PostgreSQL index not used for range query

Question

PostgreSQL index not used for range query

I am using PostgreSQL (9.2.0) and have an IP range table. Here's the SQL:

CREATE TABLE ips ( id serial NOT NULL, begin_ip_num bigint, end_ip_num bigint, country_name character varying(255), CONSTRAINT ips_pkey PRIMARY KEY (id ) )

I added indexes on both begin_ip_num and end_ip_num :

 CREATE INDEX index_ips_on_begin_ip_num ON ips USING btree (begin_ip_num ); CREATE INDEX index_ips_on_end_ip_num ON ips USING btree (end_ip_num );

Used query:

 SELECT "ips".* FROM "ips" WHERE (3065106743 BETWEEN begin_ip_num AND end_ip_num);

The problem is that my BETWEEN query only uses the index on begin_ip_num . After using the index, it filters the result using end_ip_num . Here is the result of EXPLAIN ANALYZE :

 Index Scan using index_ips_on_begin_ip_num on ips (cost=0.00..2173.83 rows=27136 width=76) (actual time=16.349..16.350 rows=1 loops=1) Index Cond: (3065106743::bigint >= begin_ip_num) Filter: (3065106743::bigint <= end_ip_num) Rows Removed by Filter: 47596 Total runtime: 16.425 ms

I have already tried various combinations of indexes, including adding a composite index for both begin_ip_num and end_ip_num .

+8

indexing postgresql database-design between

Zain zafar Jan 18 '13 at 21:13

source share

4 answers

I'm a little late for this party, but for me it works very well.

Consider installing the ip4r extension . This basically allows you to define a column that can contain IP ranges. The name of the extension implies that it is for IPv4 only, but currently it also supports IPv6.
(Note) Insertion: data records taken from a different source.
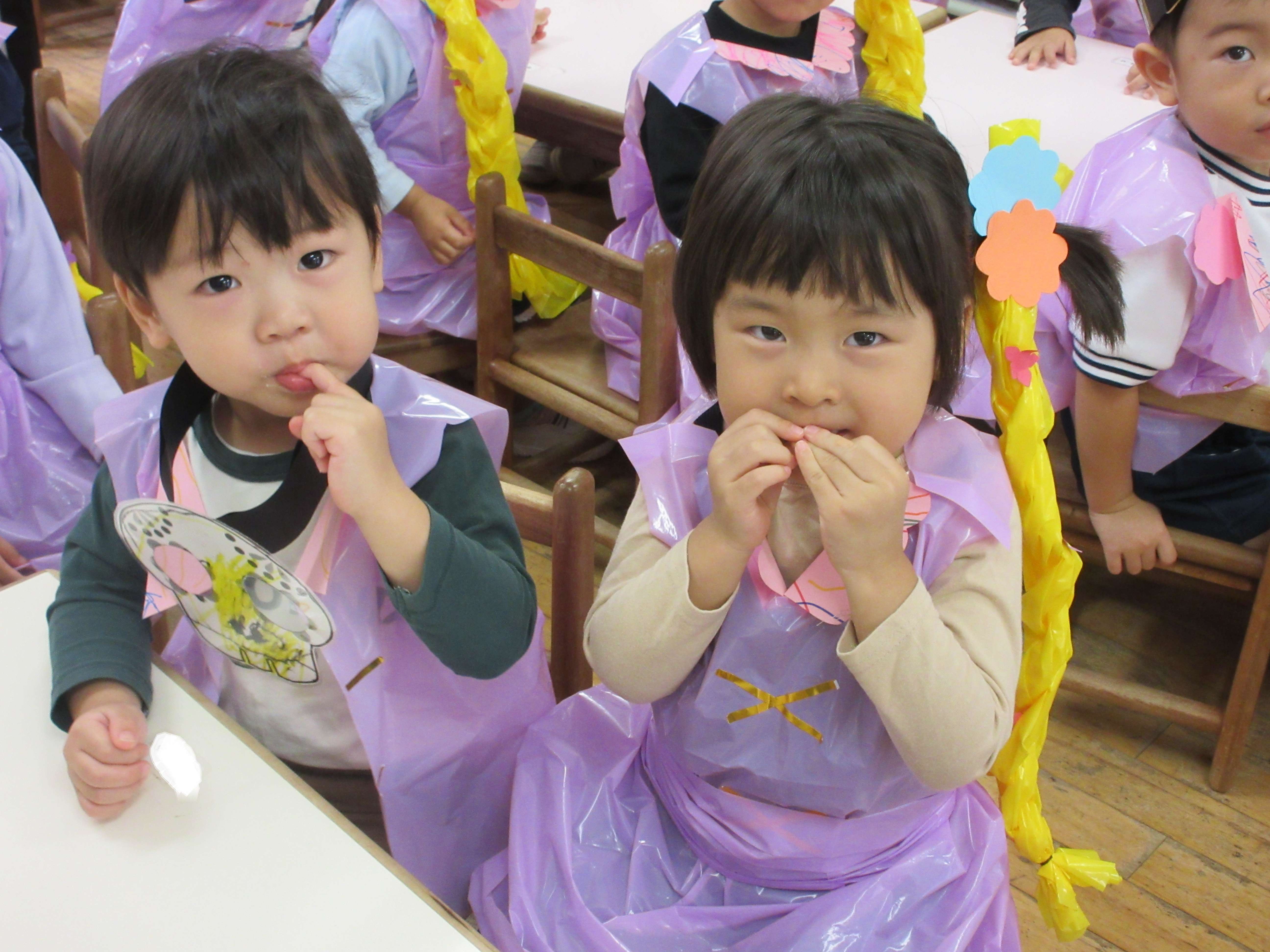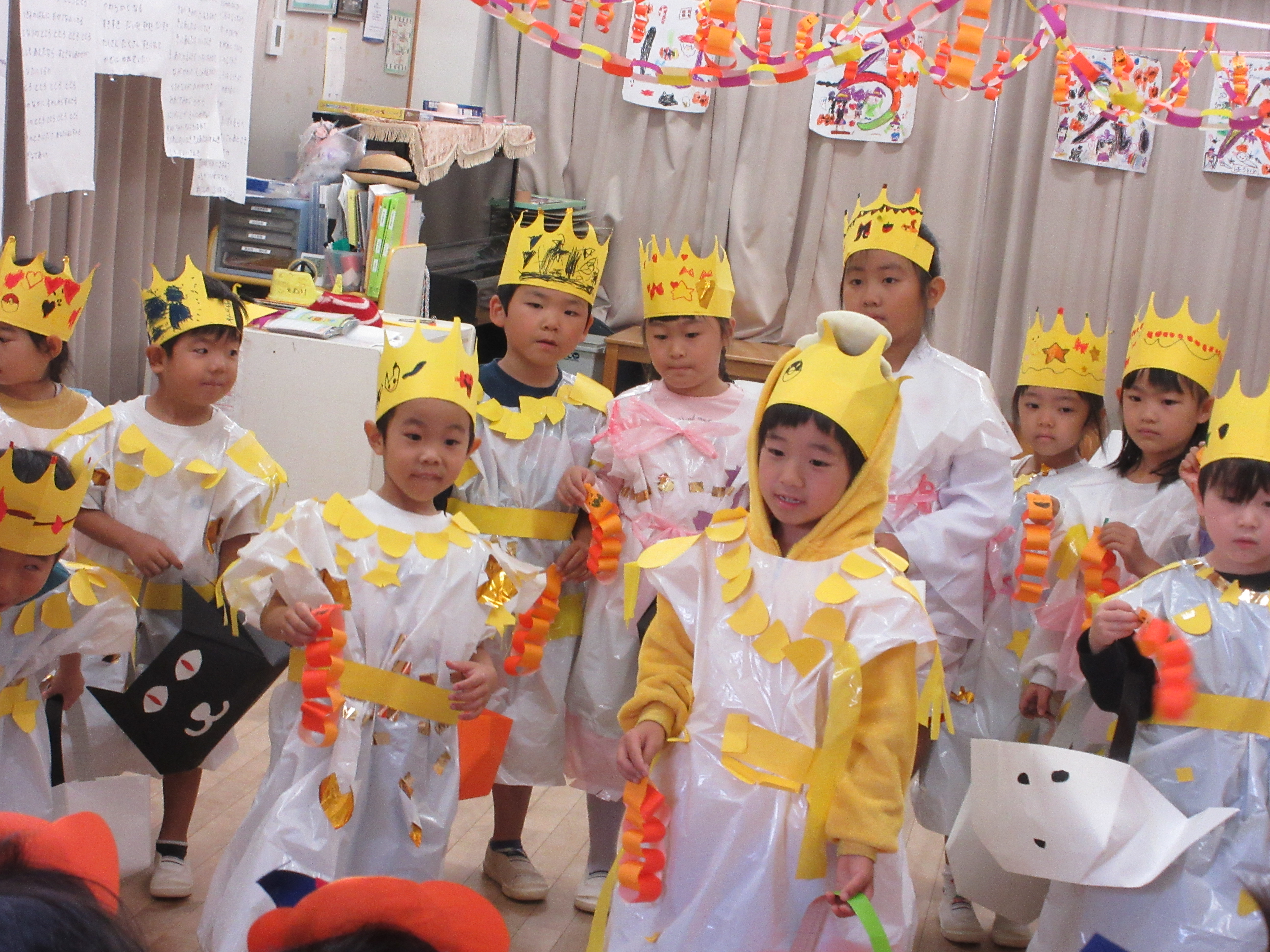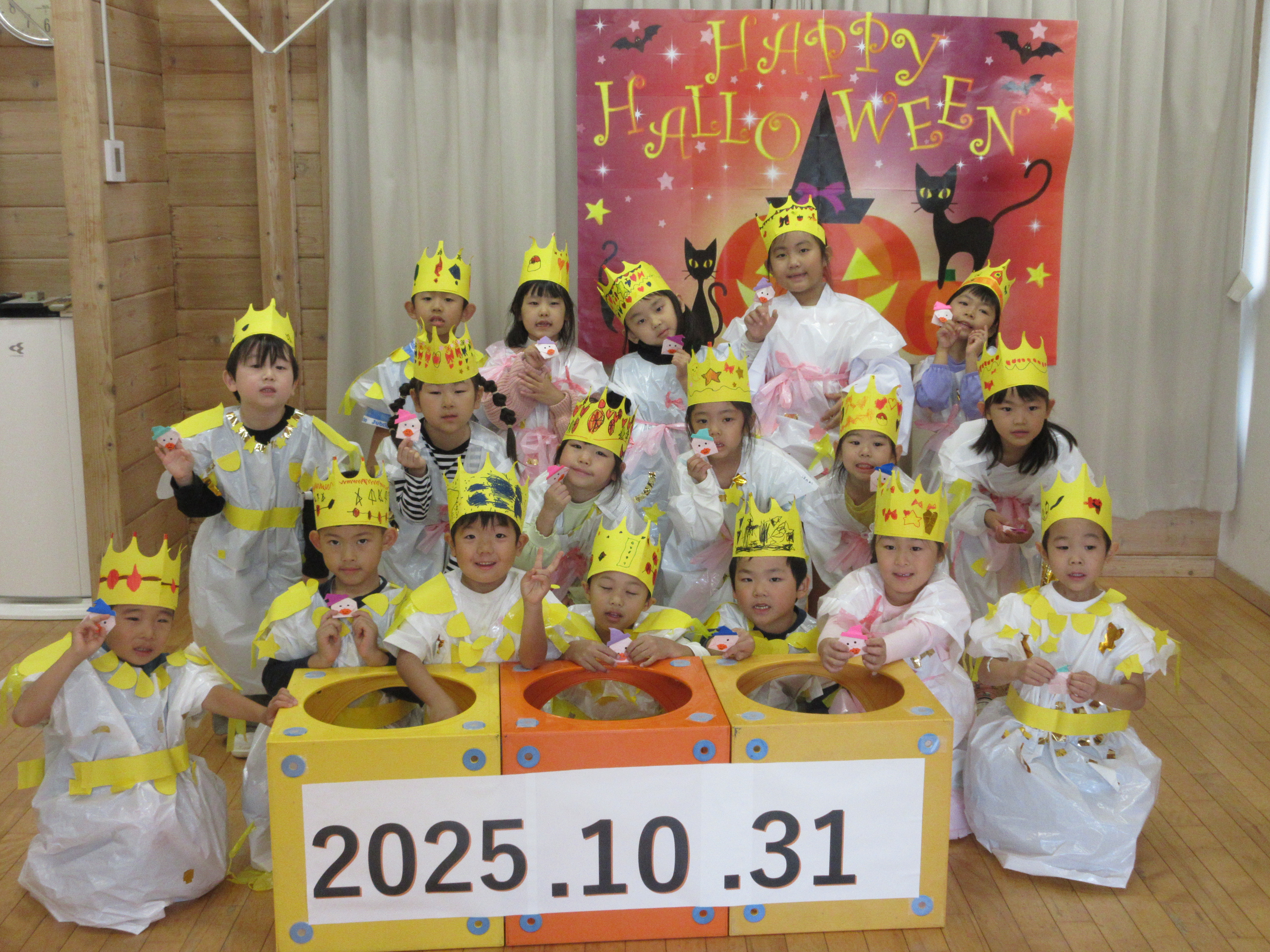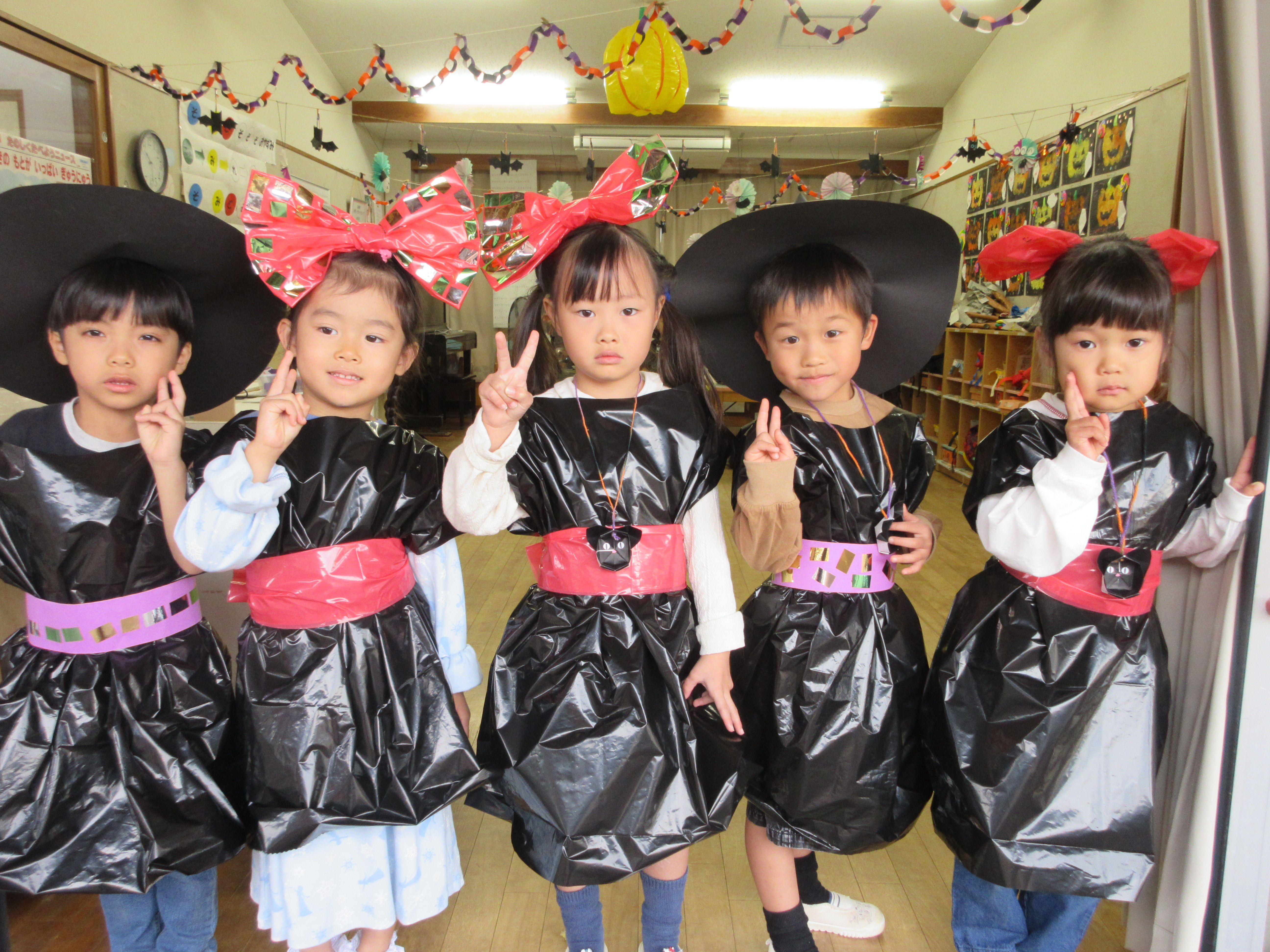 楽しみにしていたハロウィンパーティー!各クラス手作りの衣装を準備し、当日はどの子もとてもかわいく仮装しました。「トリックオアトリート!」と大きな声で各クラスをまわり、プレゼントの交換をしたり、ゲーム遊び、幼稚園までパレードもしてみんなで交流を楽しみました。
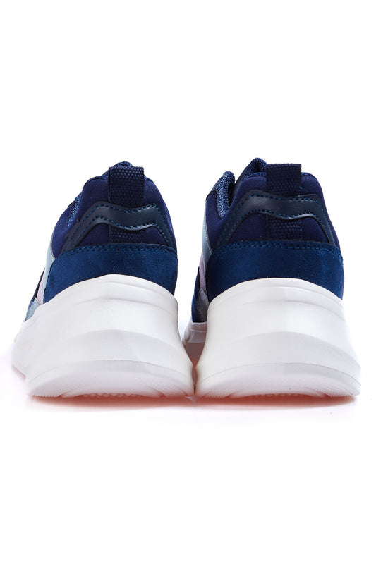Navy Blue Laced High Sole File Detailed Colorful Women's Sports Shoes - 89203
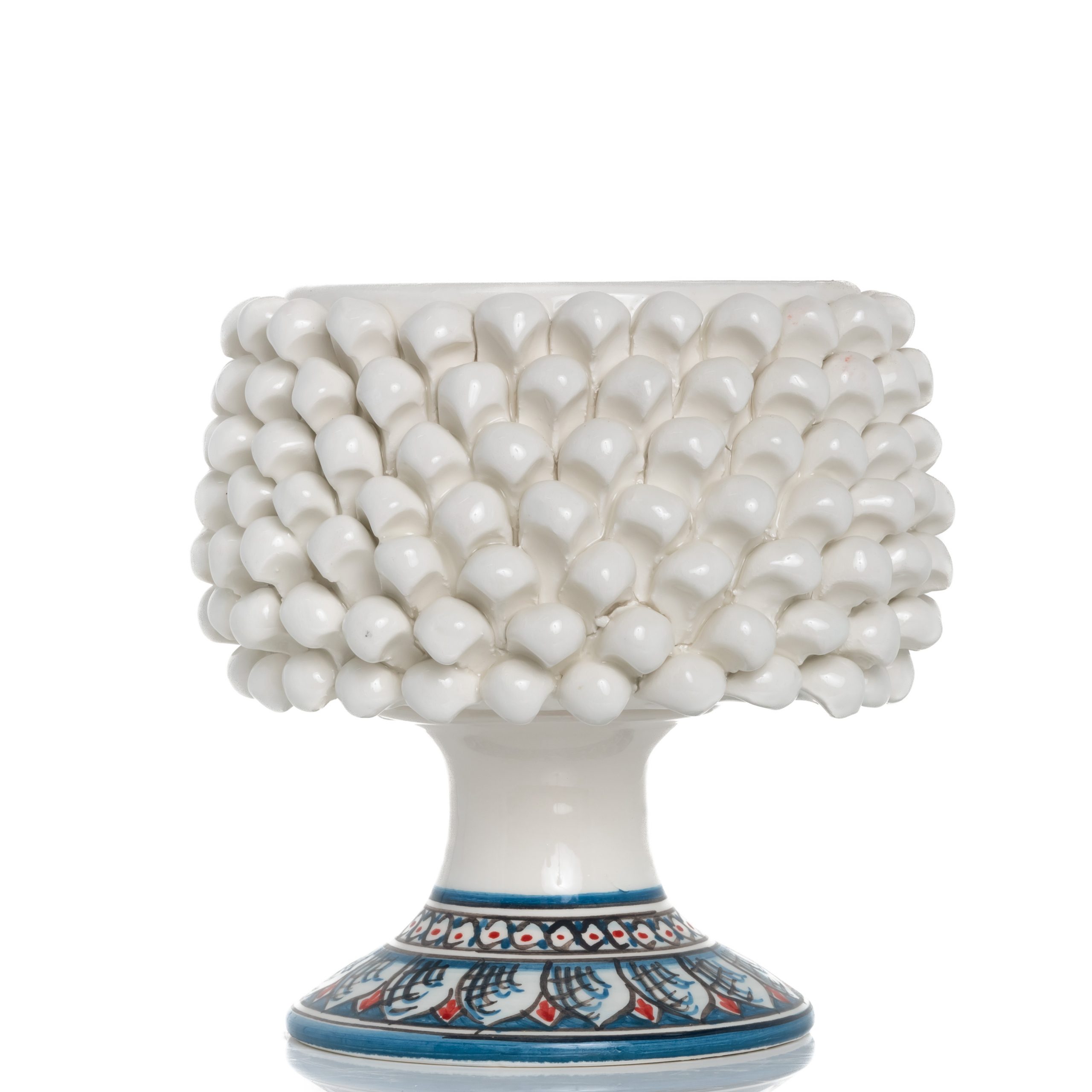 Cachepot mezza pigna Bianco con piede decorato completamente realizzato a mano.
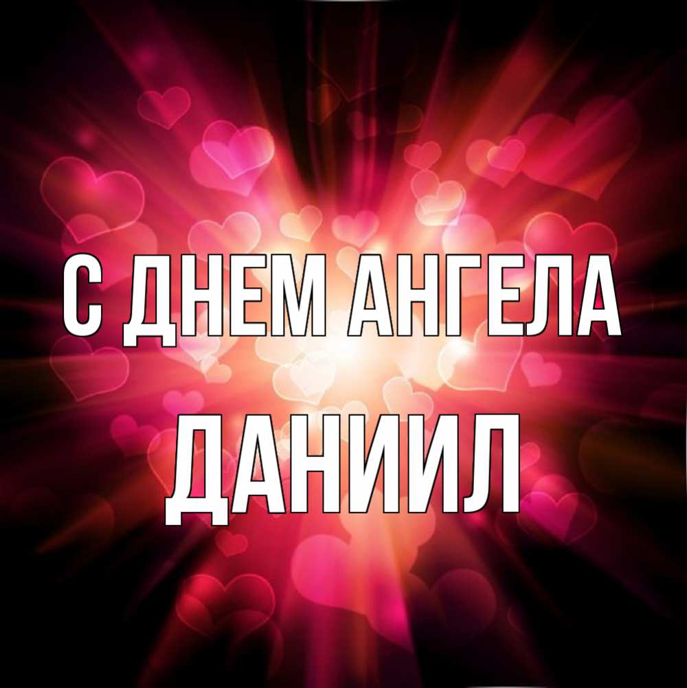 Открытка С днем Ангела Даниил. сердечки 1. рамочка 1

After filling the table with the ranges inside this column, all you need to do is create a GIST index:

 CREATE INDEX ip_zip_ip4_range ON ip_zip USING gist (ip4_range);

I have almost 10 million ranges in my database, but queries take part of a millisecond:

 region=> select count(*) from ip_zip ; count --------- 9566133 region=> explain analyze select * from ip_zip where '8.8.8.8'::ip4 <<= ip4_range; QUERY PLAN ------------------------------------------------------------------------------------------------------------------------------ Bitmap Heap Scan on ip_zip (cost=234.55..25681.29 rows=9566 width=22) (actual time=0.085..0.086 rows=1 loops=1) Recheck Cond: ('8.8.8.8'::ip4r <<= ip4_range) Heap Blocks: exact=1 -> Bitmap Index Scan on ip_zip_ip4_range (cost=0.00..232.16 rows=9566 width=0) (actual time=0.055..0.055 rows=1 loops=1) Index Cond: ('8.8.8.8'::ip4r <<= ip4_range) Planning time: 0.106 ms Execution time: 0.118 ms (7 rows) region=> explain analyze select * from ip_zip where '254.50.22.54'::ip4 <<= ip4_range; QUERY PLAN ------------------------------------------------------------------------------------------------------------------------------ Bitmap Heap Scan on ip_zip (cost=234.55..25681.29 rows=9566 width=22) (actual time=0.059..0.059 rows=1 loops=1) Recheck Cond: ('254.50.22.54'::ip4r <<= ip4_range) Heap Blocks: exact=1 -> Bitmap Index Scan on ip_zip_ip4_range (cost=0.00..232.16 rows=9566 width=0) (actual time=0.048..0.048 rows=1 loops=1) Index Cond: ('254.50.22.54'::ip4r <<= ip4_range) Planning time: 0.102 ms Execution time: 0.145 ms (7 rows)

+4

Derek May 13, '15 at 18:48

source share

I had exactly the same problem on an almost identical dataset from the free geops maxmind.com table. I solved this using Erwin's advice on range types and GiST indices. The GiST Index was the key. Without this, at best, I requested about 3 rows per second. With this, I requested about 500,000 rows in less than 10 seconds! Since Erwin did not publish detailed instructions on how to do this, I thought I would add them here ...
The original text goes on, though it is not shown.